Dataset excerpt Start Marker
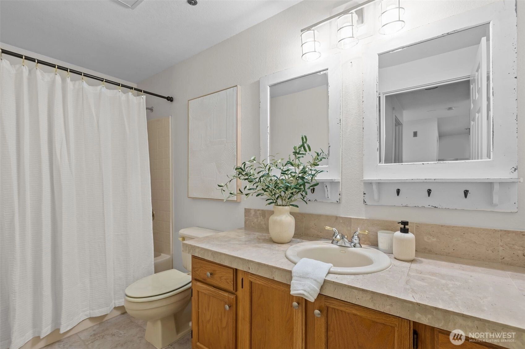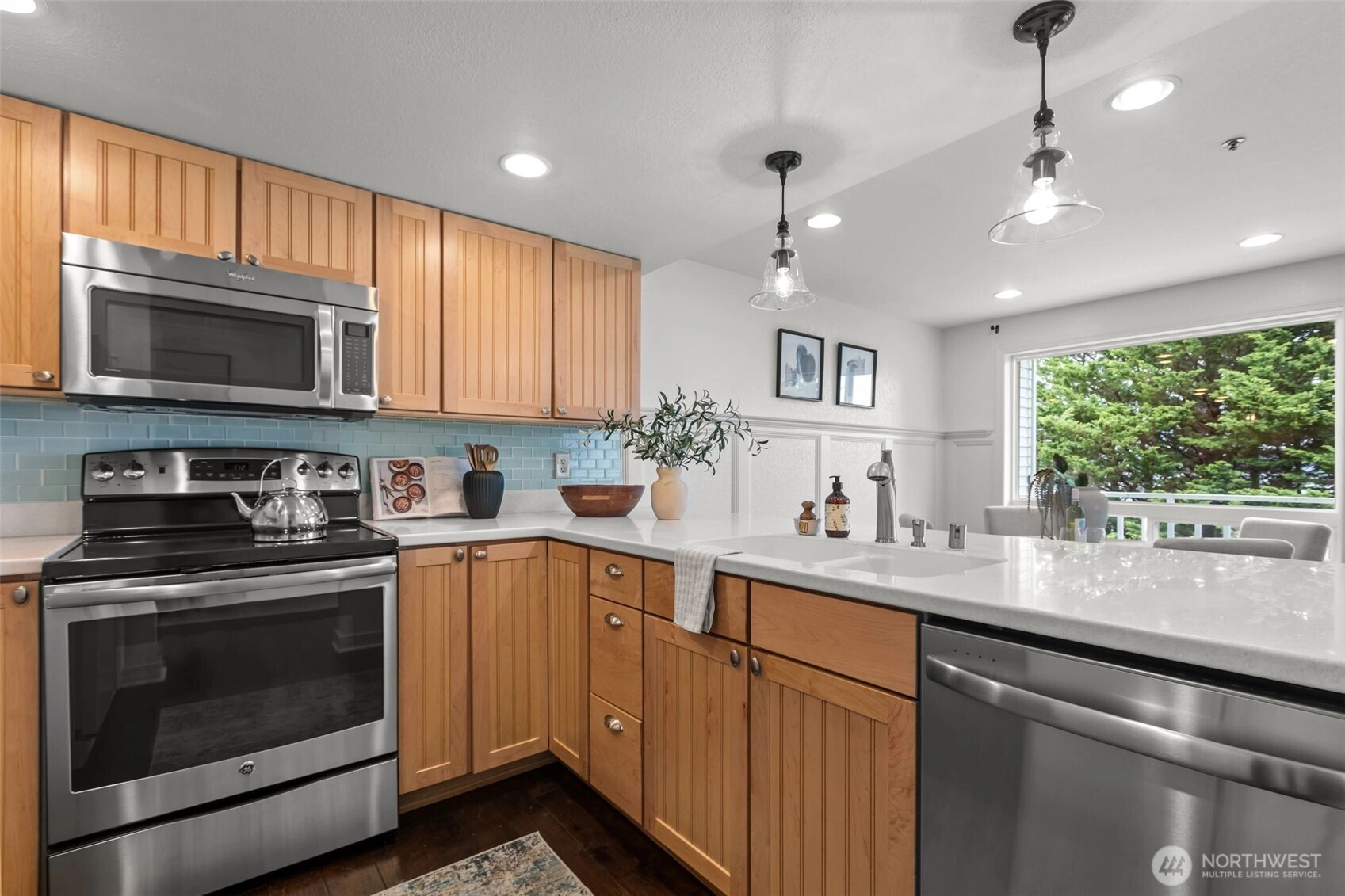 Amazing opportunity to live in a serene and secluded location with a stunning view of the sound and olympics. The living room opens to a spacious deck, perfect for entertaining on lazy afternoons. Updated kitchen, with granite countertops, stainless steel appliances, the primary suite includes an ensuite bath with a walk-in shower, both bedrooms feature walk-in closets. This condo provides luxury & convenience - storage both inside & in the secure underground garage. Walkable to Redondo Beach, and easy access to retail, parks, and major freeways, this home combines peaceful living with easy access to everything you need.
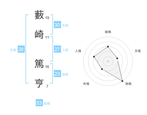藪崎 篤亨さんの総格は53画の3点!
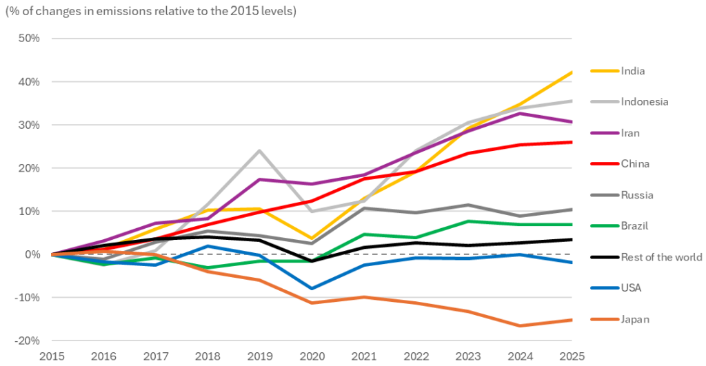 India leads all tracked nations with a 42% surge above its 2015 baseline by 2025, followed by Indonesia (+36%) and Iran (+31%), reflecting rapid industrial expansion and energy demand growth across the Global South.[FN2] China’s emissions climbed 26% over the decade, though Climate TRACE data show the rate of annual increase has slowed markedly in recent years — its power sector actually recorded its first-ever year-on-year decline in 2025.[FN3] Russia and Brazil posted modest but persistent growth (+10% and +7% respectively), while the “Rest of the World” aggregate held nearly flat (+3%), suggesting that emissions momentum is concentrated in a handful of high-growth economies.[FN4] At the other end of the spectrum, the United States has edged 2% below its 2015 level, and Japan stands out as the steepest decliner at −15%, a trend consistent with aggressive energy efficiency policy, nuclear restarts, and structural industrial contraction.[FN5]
Dataset excerpt End Marker
■ Assignment
Print the whole listing again exactly, please. No pictures.

■ Solution for this exercise
 Amazing opportunity to live in a serene and secluded location with a stunning view of the sound and olympics. The living room opens to a spacious deck, perfect for entertaining on lazy afternoons. Updated kitchen, with granite countertops, stainless steel appliances, the primary suite includes an ensuite bath with a walk-in shower, both bedrooms feature walk-in closets. This condo provides luxury & convenience - storage both inside & in the secure underground garage. Walkable to Redondo Beach, and easy access to retail, parks, and major freeways, this home combines peaceful living with easy access to everything you need.
藪崎 篤亨さんの総格は53画の3点!
 India leads all tracked nations with a 42% surge above its 2015 baseline by 2025, followed by Indonesia (+36%) and Iran (+31%), reflecting rapid industrial expansion and energy demand growth across the Global South.[FN2] China’s emissions climbed 26% over the decade, though Climate TRACE data show the rate of annual increase has slowed markedly in recent years — its power sector actually recorded its first-ever year-on-year decline in 2025.[FN3] Russia and Brazil posted modest but persistent growth (+10% and +7% respectively), while the “Rest of the World” aggregate held nearly flat (+3%), suggesting that emissions momentum is concentrated in a handful of high-growth economies.[FN4] At the other end of the spectrum, the United States has edged 2% below its 2015 level, and Japan stands out as the steepest decliner at −15%, a trend consistent with aggressive energy efficiency policy, nuclear restarts, and structural industrial contraction.[FN5]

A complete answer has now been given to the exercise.